Doshi Fenil R, Konkle Talia, Alvarez George A
Department of Psychology, Harvard University, Cambridge, Massachusetts, United States of America.
Kempner Institute for the Study of Natural and Artificial Intelligence, Harvard University, Cambridge, Massachusetts, United States of America.
PLoS Comput Biol. 2025 Aug 18;21(8):e1013391. doi: 10.1371/journal.pcbi.1013391. eCollection 2025 Aug.

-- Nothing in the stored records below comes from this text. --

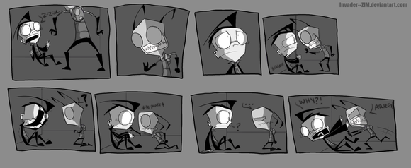 Dib, Dib honey I love you and all but stop being so scared and run! Or at least smack Zim with something just sop freezing and being a typical person in a horror movie!!!
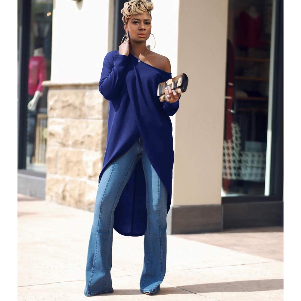 Women Sexy Off Shoulder Tunic Dress B-blue Small 1
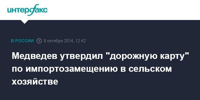 Москва. 8 октября. INTERFAX.RU - Премьер-министр РФ Дмитрий Медведев подписал распоряжение об утверждении "дорожной карты" по содействию импортозамещению в сельском хозяйстве.
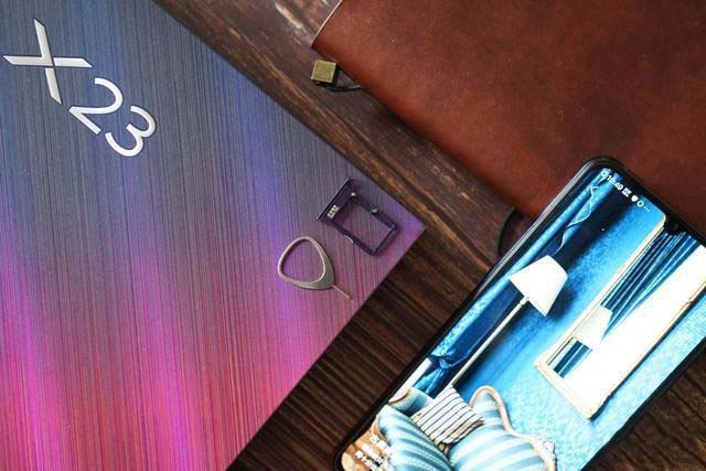上层摆放的是x23手机本体,右侧有X23幻彩版字样。从下面这张图大概可以看出,X23的相比楼主短暂用过的X21变化还是比较大,一方面是额头从刘海变成了水滴,另一方面屏占比也有较大幅度提升,从NEX S开始启用的屏下指纹也出现在了X23上面,当然出现在X23上面的已经属于第四代的屏幕指纹指术,实际开锁速度相比NEX S确实有一定幅度提升。
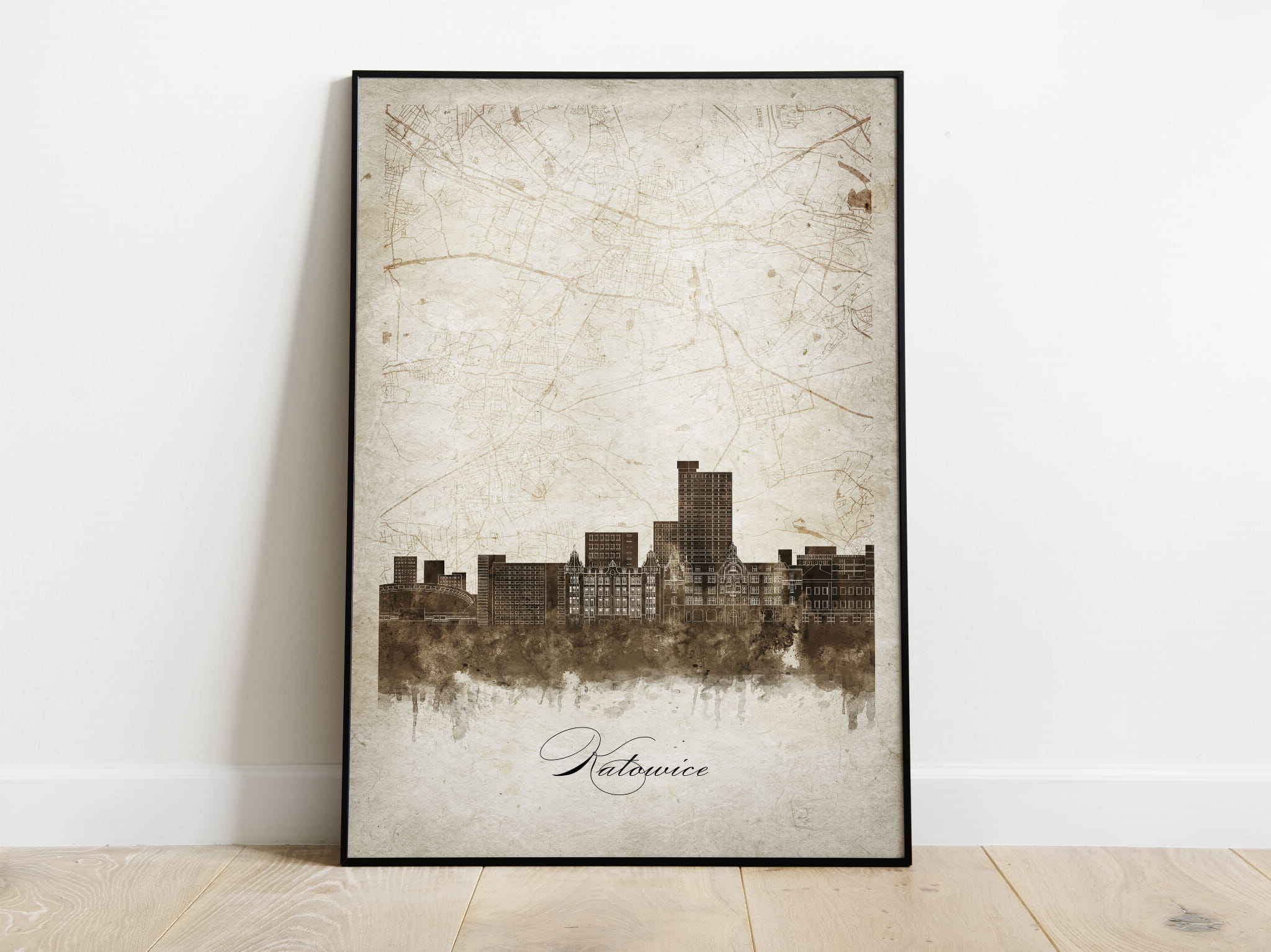 Plakat Skylines Katowice w stylu Vintage- Pionowy

Deep neural network models provide a powerful experimental platform for exploring core mechanisms underlying human visual perception, such as perceptual grouping and contour integration-the process of linking local edge elements to arrive at a unified perceptual representation of a complete contour. Here, we demonstrate that feedforward convolutional neural networks (CNNs) fine-tuned on contour detection show this human-like capacity, but without relying on mechanisms proposed in prior work, such as lateral connections, recurrence, or top-down feedback. We identified two key properties needed for ImageNet pre-trained, feed-forward models to yield human-like contour integration: first, progressively increasing receptive field structure served as a critical architectural motif to support this capacity; and second, biased fine-tuning for contour-detection specifically for gradual curves (~20 degrees) resulted in human-like sensitivity to curvature. We further demonstrate that fine-tuning ImageNet pretrained models uncovers other hidden human-like capacities in feed-forward networks, including uncrowding (reduced interference from distractors as the number of distractors increases), which is considered a signature of human perceptual grouping. Thus, taken together these results provide a computational existence proof that purely feedforward hierarchical computations are capable of implementing gestalt "good continuation" and perceptual organization needed for human-like contour-integration and uncrowding. More broadly, these results raise the possibility that in human vision, later stages of processing play a more prominent role in perceptual-organization than implied by theories focused on recurrence and early lateral connections.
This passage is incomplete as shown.